X. Zmiany i zaskoczenia

397 18 5
                                    

Hermiona powoli docierała do błoni Hogwartu, a zamek było widać już z oddali. Szła w tę stronę, czując niemiły ucisk w żołądku. Wiele kosztowała ją wyprawa w te strony, ale jeśli jej podejrzenia były słuszne... musiała uwarzyć Oculusa. Była to winna wszystkim - tym, którzy polegli, bo nie mogła pomóc, jak i Lunie, która stała się najbliższą jej osobą.

"Ciężko tu wracać" - pomyślała.

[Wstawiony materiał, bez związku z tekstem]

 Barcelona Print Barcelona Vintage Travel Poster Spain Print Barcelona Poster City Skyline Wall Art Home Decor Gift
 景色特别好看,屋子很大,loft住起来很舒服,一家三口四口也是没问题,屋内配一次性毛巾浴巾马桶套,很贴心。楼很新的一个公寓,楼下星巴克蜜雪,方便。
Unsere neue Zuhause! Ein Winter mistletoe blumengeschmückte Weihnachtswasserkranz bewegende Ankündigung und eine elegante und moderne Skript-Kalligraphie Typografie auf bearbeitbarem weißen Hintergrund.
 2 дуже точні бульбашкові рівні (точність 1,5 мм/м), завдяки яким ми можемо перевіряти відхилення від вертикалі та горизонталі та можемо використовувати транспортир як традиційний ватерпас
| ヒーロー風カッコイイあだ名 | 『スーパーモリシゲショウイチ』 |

W głowie kłębiło jej się tyle myśli... zastanawiała się, czy droga, którą właśnie idzie, nie była miejscem, w którym upadł, wydając ostatnie tchnienie, któryś z jej znajomych. Gdy dotarła do bramy, była nie lada zaskoczona, że tak bez trudu mogła otworzyć wrota. Albo Hogwart przyjmował ją bez żadnych przeszkód, albo był bardzo słabo zabezpieczony.

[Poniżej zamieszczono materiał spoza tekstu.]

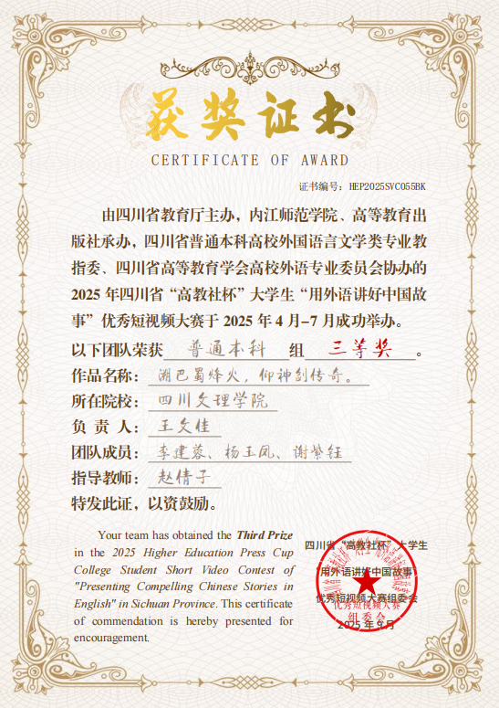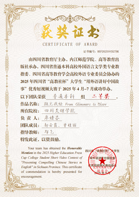 近日,由四川省教育厅主办,内江师范学院、高等教育出版社承办,四川省普通本科高校外国语言文学类专业教指委、四川省高等教育学会高校外语专业委员会协办的2025年四川省“高教社杯”大学生“用外语讲好中国故事”优秀短视频大赛圆满落幕。开元官网推荐的2件作品获奖:以外国语学院2024级廖婧荟为负责人,邹云霞、曾佳丽为团队成员,邓飞老师担任指导的作品《微光成炬(From Glimmers to Blaze)》荣获普通本科组二等奖;以外国语学院2022级王文佳为负责人,李建蓉、杨玉凤、谢紫钰为团队成员,赵倩子老师担任指导的作品《溯巴蜀烽火,仰神剑传奇》获普通本科组三等奖。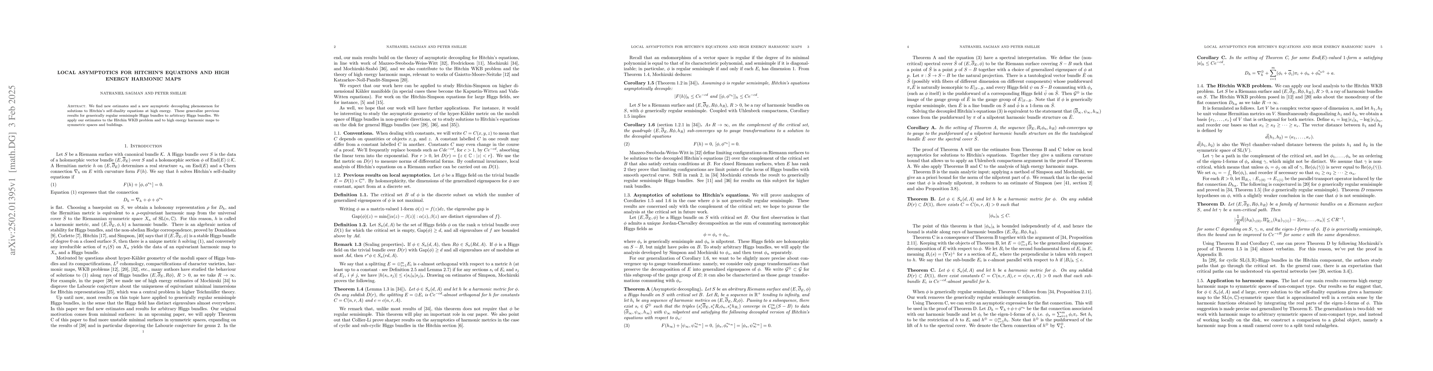 The paper introduces novel estimates and an asymptotic decoupling phenomenon for solutions to Hitchin's equations, extending previous work to arbitrary Higgs bundles.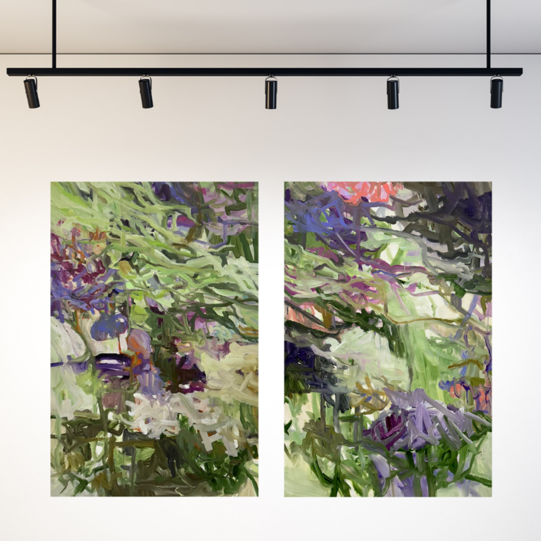 Whispers of Tomorrow is a paired work created in direct conversation with the landscape of Ireland’s Wild Atlantic Coast—a place where growth unfolds quietly, persistently, and often unseen. Painted during residency, these two canvases reflect an intimate study of native flora, shifting light, and the subtle choreography of ecosystems shaped by wind and weather.

Majestatyczny zamek królował ponad drzewami - do pokonania miała jeszcze trochę drogi. Zaczęła zastanawiać się, czy nie wstąpić na chwilę do Hagrida. Nie wiedziała, co u niego słychać od zakończenia wojny, poza tym, że Graup ocalił mu życie, poświęcając własne.

"Na Merlina, nawet nie zastanowiłam się, jak on się czuje!" - zaczęła wewnętrzny monolog. "Jesteś taka samolubna Hermiono... zamknęłaś się w sobie, warzyłaś tylko eliksiry i czytałaś, zamiast dowiedzieć się co słychać u twoich przyjaciół! Ale czy jeszcze są moimi przyjaciółmi? Przecież ich zawiodłam."

Nogi same poprowadziły ją do chatki pół olbrzyma. Zdziwiła się, gdy dookoła było zupełnie pusto, a teren był wysprzątany. Nie było roślin, żadnych zwierząt... nikogo. Zajrzała przez okno, wspinając się po drewnianych, pustych skrzynkach - dom Hagrida był pusty. "Co się z nim stało?" - zastanowiła się.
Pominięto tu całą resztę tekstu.